Required action.
From the line containing "PZ today 특유의" down to the last line of the entries, print each line exactly and leave the pictures out.

━━━━━━━━━━━━━━━━

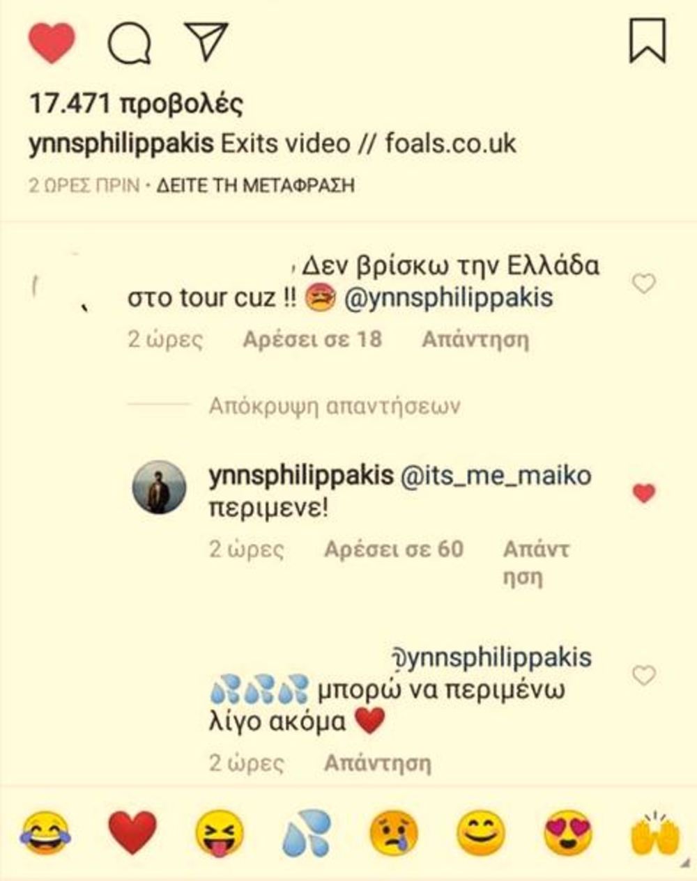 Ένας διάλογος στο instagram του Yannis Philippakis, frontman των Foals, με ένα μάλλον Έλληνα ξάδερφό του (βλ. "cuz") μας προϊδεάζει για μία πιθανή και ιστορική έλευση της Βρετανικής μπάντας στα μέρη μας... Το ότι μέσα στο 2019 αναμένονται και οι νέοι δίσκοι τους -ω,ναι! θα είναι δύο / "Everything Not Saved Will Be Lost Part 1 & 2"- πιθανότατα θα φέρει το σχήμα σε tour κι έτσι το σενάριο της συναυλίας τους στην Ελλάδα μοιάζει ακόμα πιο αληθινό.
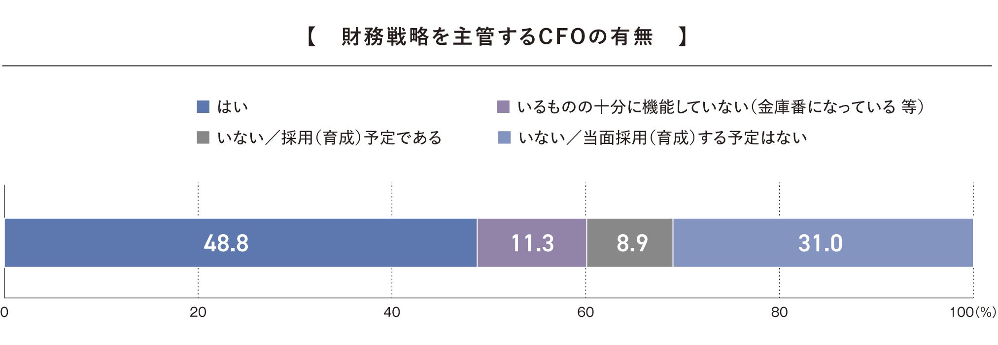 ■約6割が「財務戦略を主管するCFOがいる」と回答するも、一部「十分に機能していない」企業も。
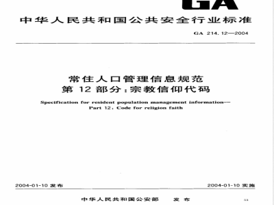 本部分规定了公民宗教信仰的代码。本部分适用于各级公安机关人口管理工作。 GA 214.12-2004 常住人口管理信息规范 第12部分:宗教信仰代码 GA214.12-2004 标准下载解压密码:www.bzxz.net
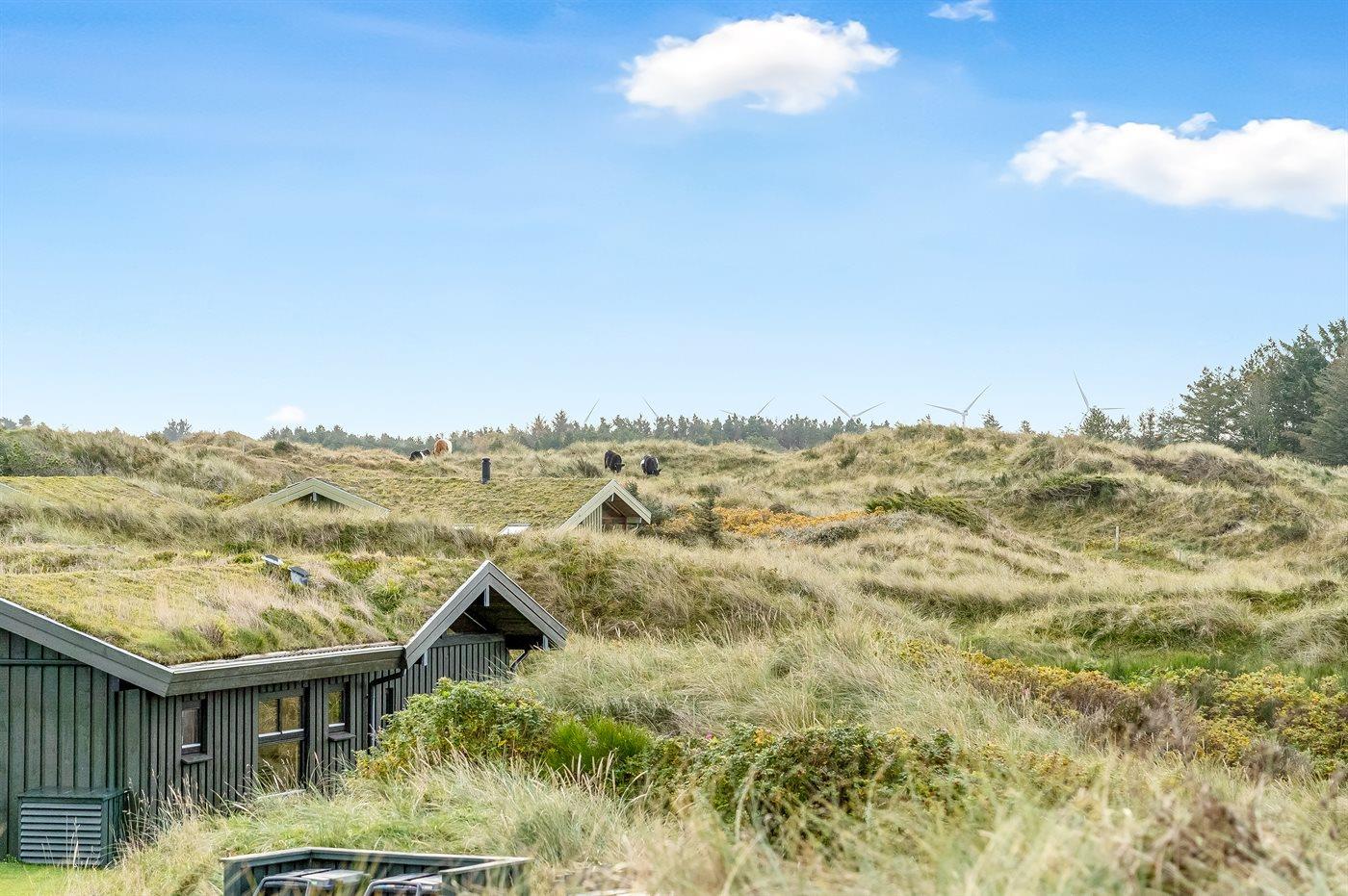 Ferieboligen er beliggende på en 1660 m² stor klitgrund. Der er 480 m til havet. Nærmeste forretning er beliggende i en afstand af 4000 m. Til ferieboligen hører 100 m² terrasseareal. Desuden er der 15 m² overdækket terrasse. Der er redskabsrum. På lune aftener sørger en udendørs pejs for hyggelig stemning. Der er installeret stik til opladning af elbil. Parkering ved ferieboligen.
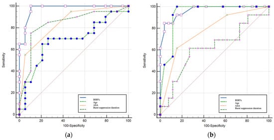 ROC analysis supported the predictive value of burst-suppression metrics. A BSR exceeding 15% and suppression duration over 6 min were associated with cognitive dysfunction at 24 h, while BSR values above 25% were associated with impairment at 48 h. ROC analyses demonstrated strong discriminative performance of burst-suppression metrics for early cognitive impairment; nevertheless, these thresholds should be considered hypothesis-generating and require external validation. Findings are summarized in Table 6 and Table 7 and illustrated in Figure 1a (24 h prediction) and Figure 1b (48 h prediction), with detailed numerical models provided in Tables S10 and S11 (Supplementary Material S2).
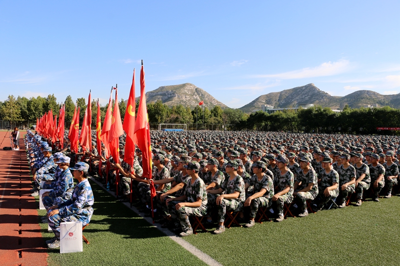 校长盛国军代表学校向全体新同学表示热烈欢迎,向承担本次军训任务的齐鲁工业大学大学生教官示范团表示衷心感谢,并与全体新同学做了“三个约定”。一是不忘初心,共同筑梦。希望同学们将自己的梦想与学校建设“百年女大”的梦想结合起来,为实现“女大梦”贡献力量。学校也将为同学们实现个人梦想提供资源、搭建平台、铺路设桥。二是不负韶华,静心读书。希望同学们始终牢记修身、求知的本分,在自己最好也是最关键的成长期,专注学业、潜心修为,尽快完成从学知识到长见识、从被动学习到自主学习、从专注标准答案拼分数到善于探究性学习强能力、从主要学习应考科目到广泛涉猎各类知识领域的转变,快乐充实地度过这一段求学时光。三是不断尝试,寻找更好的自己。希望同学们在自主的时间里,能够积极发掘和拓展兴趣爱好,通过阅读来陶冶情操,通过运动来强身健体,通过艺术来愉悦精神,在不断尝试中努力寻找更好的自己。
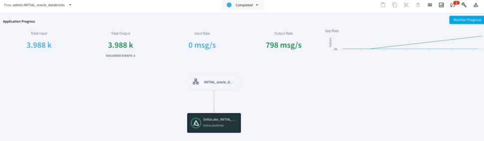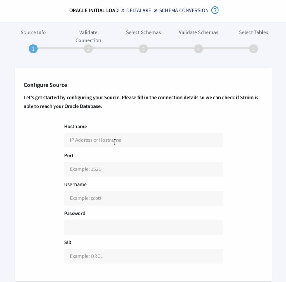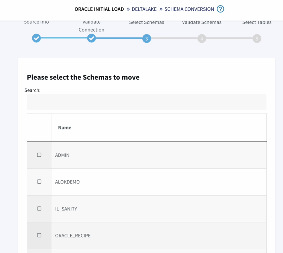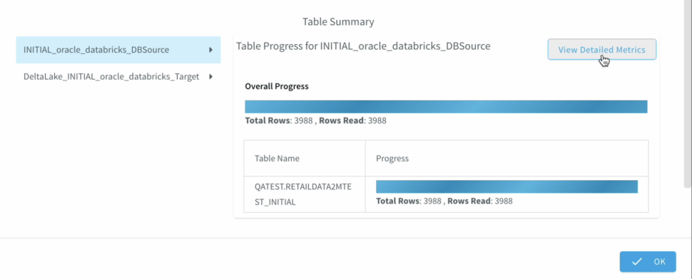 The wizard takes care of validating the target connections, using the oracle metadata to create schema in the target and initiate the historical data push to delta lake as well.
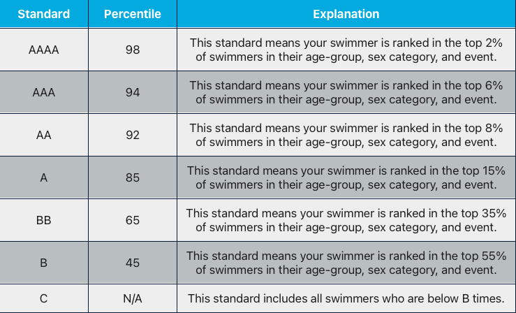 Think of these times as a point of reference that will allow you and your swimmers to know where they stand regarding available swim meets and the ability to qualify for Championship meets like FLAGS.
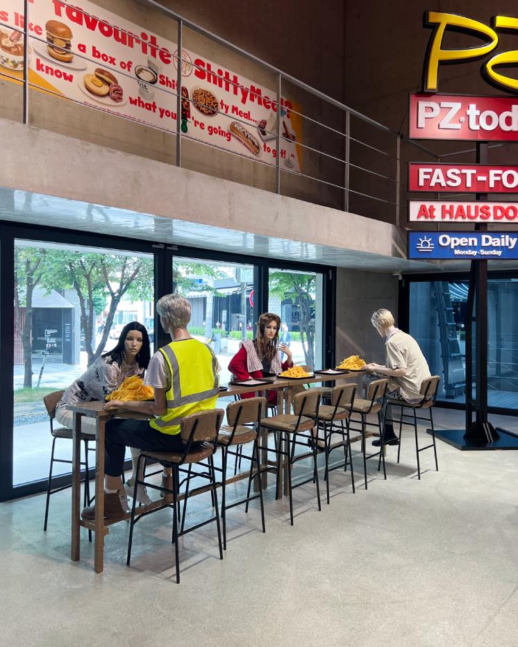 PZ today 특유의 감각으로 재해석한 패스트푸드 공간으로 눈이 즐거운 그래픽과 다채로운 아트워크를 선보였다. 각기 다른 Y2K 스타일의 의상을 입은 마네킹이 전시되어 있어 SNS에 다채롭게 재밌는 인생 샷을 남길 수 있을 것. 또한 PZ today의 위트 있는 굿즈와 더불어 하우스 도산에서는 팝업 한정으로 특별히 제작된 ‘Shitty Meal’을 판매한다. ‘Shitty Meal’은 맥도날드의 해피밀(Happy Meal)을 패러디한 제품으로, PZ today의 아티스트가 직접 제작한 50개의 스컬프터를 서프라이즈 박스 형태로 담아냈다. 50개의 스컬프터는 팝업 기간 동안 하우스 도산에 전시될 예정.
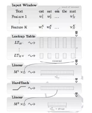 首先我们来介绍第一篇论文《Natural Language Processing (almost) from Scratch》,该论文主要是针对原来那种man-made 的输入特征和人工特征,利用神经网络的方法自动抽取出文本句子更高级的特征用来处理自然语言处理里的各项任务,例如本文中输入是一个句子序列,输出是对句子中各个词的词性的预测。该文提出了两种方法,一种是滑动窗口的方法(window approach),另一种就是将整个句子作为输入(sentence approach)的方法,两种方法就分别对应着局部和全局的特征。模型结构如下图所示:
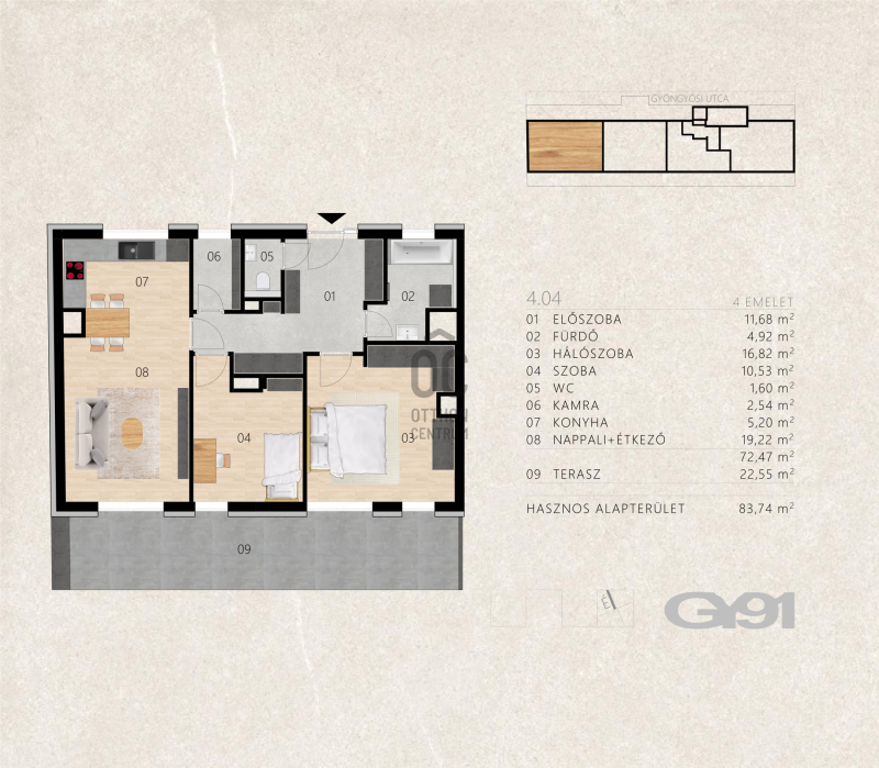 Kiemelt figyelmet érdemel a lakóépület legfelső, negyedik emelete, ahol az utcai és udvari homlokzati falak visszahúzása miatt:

━━━━━━━━━━━━━━━━

Exercise solution.
 PZ today 특유의 감각으로 재해석한 패스트푸드 공간으로 눈이 즐거운 그래픽과 다채로운 아트워크를 선보였다. 각기 다른 Y2K 스타일의 의상을 입은 마네킹이 전시되어 있어 SNS에 다채롭게 재밌는 인생 샷을 남길 수 있을 것. 또한 PZ today의 위트 있는 굿즈와 더불어 하우스 도산에서는 팝업 한정으로 특별히 제작된 ‘Shitty Meal’을 판매한다. ‘Shitty Meal’은 맥도날드의 해피밀(Happy Meal)을 패러디한 제품으로, PZ today의 아티스트가 직접 제작한 50개의 스컬프터를 서프라이즈 박스 형태로 담아냈다. 50개의 스컬프터는 팝업 기간 동안 하우스 도산에 전시될 예정.
 首先我们来介绍第一篇论文《Natural Language Processing (almost) from Scratch》,该论文主要是针对原来那种man-made 的输入特征和人工特征,利用神经网络的方法自动抽取出文本句子更高级的特征用来处理自然语言处理里的各项任务,例如本文中输入是一个句子序列,输出是对句子中各个词的词性的预测。该文提出了两种方法,一种是滑动窗口的方法(window approach),另一种就是将整个句子作为输入(sentence approach)的方法,两种方法就分别对应着局部和全局的特征。模型结构如下图所示:
 Kiemelt figyelmet érdemel a lakóépület legfelső, negyedik emelete, ahol az utcai és udvari homlokzati falak visszahúzása miatt:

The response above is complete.